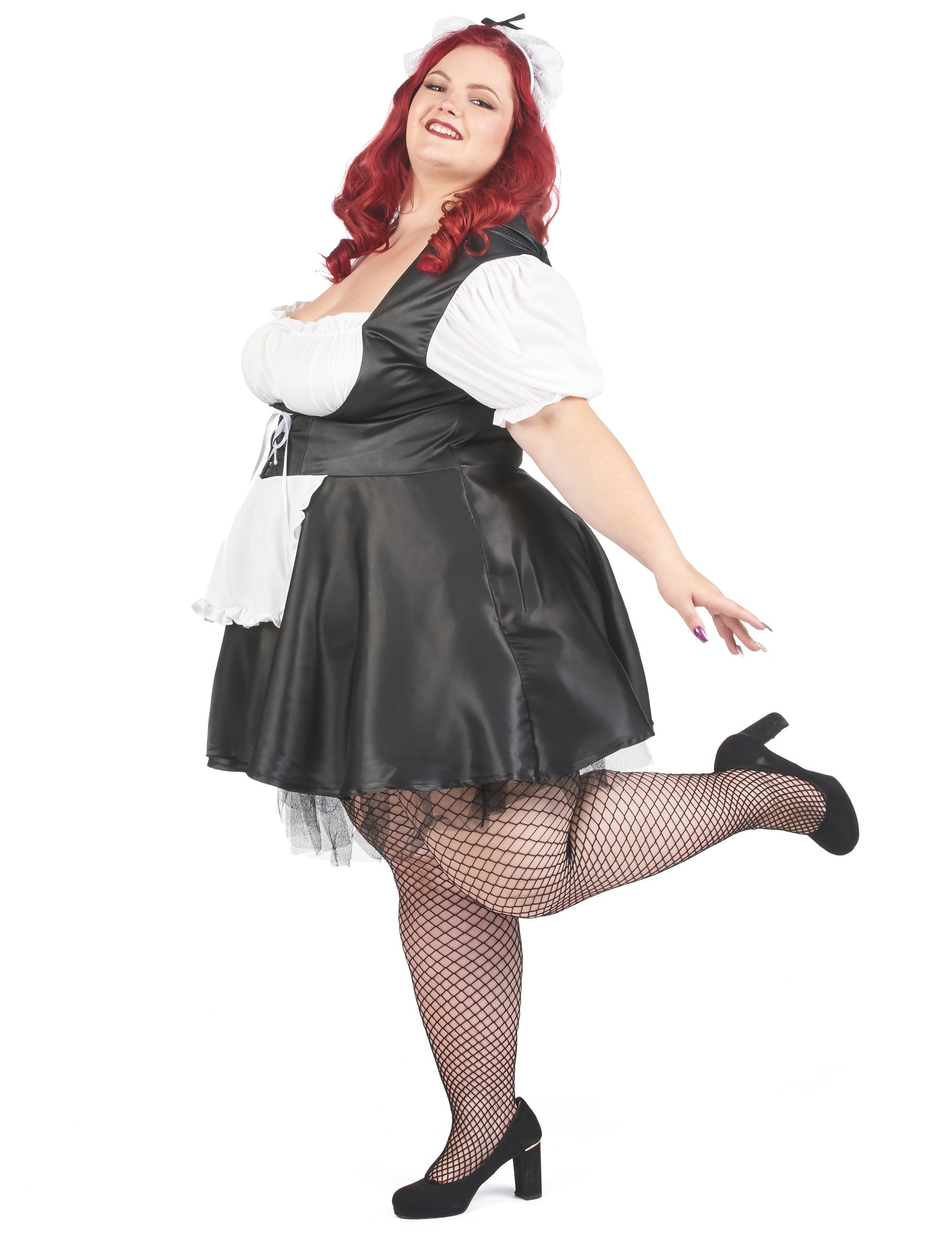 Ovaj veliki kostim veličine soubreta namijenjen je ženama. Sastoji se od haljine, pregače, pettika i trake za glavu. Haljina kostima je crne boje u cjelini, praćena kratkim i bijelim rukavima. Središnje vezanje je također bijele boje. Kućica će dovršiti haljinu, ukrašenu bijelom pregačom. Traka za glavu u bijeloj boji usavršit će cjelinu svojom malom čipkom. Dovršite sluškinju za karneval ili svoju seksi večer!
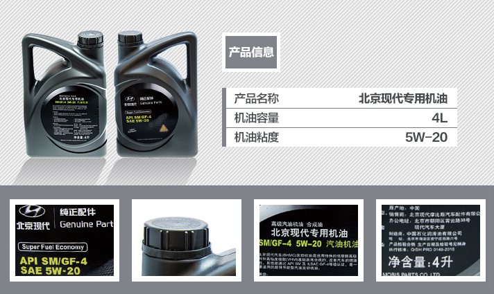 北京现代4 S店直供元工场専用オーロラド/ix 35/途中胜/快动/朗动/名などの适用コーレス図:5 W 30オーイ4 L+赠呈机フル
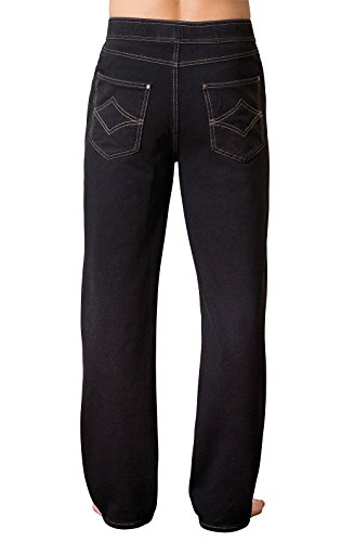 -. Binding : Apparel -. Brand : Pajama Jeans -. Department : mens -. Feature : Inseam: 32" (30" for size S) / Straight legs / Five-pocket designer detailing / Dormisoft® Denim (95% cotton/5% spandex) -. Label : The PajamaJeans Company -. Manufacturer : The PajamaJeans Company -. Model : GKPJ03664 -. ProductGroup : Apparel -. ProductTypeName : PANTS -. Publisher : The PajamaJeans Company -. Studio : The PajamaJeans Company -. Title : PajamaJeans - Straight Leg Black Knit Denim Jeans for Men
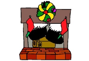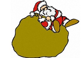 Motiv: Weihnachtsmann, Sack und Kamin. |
+===+
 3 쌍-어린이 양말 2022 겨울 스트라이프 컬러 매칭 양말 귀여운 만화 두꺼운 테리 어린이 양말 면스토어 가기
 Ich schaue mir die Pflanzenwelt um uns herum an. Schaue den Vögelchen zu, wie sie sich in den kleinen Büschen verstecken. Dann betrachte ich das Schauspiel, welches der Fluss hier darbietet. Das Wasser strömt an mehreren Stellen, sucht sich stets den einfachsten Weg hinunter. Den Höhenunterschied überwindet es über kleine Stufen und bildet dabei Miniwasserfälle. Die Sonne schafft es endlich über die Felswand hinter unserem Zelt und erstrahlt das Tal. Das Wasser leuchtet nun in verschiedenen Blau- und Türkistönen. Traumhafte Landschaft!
+===+
**EXERCISE BRIEF**.
Restate word for word every line from the one with "Ovaj veliki kostim" up to and including the one with "Motiv: Weihnachtsmann, Sack und Kamin. |" in the records above, minus the pictures.

**TASK SOLUTION**.
 Ovaj veliki kostim veličine soubreta namijenjen je ženama. Sastoji se od haljine, pregače, pettika i trake za glavu. Haljina kostima je crne boje u cjelini, praćena kratkim i bijelim rukavima. Središnje vezanje je također bijele boje. Kućica će dovršiti haljinu, ukrašenu bijelom pregačom. Traka za glavu u bijeloj boji usavršit će cjelinu svojom malom čipkom. Dovršite sluškinju za karneval ili svoju seksi večer!
 北京现代4 S店直供元工场専用オーロラド/ix 35/途中胜/快动/朗动/名などの适用コーレス図:5 W 30オーイ4 L+赠呈机フル
 -. Binding : Apparel -. Brand : Pajama Jeans -. Department : mens -. Feature : Inseam: 32" (30" for size S) / Straight legs / Five-pocket designer detailing / Dormisoft® Denim (95% cotton/5% spandex) -. Label : The PajamaJeans Company -. Manufacturer : The PajamaJeans Company -. Model : GKPJ03664 -. ProductGroup : Apparel -. ProductTypeName : PANTS -. Publisher : The PajamaJeans Company -. Studio : The PajamaJeans Company -. Title : PajamaJeans - Straight Leg Black Knit Denim Jeans for Men
 Motiv: Weihnachtsmann, Sack und Kamin. |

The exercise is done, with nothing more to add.